• **RECORDED DATA**:
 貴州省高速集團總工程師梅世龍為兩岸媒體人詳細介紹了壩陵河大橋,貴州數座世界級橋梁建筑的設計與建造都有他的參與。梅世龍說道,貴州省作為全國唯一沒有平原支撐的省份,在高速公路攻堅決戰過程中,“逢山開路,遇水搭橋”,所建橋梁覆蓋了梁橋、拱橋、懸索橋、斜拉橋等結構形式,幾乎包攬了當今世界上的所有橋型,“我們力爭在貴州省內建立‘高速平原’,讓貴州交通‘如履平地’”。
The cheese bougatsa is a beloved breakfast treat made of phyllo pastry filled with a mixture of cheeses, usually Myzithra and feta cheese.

* * *

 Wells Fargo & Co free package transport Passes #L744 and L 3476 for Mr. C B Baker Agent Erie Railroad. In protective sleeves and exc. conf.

* * *

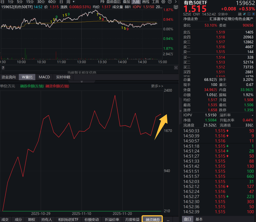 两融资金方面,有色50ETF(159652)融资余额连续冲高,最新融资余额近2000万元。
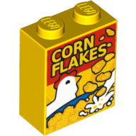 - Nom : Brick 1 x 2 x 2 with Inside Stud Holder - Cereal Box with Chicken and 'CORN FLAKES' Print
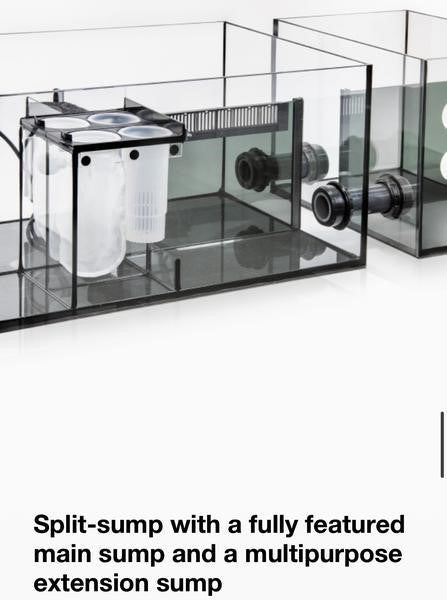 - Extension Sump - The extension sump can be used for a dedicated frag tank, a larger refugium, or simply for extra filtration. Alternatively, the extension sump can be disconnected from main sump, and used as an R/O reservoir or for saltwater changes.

• **WHAT IS REQUIRED**: Nothing but the lines above, starting at the line that contains "两融资金方面,有色50ETF" and ending at the line that contains "- Extension Sump", should be given again, exactly and without the pictures.

• **FINISHED TASK**:
 两融资金方面,有色50ETF(159652)融资余额连续冲高,最新融资余额近2000万元。
 - Nom : Brick 1 x 2 x 2 with Inside Stud Holder - Cereal Box with Chicken and 'CORN FLAKES' Print
 - Extension Sump - The extension sump can be used for a dedicated frag tank, a larger refugium, or simply for extra filtration. Alternatively, the extension sump can be disconnected from main sump, and used as an R/O reservoir or for saltwater changes.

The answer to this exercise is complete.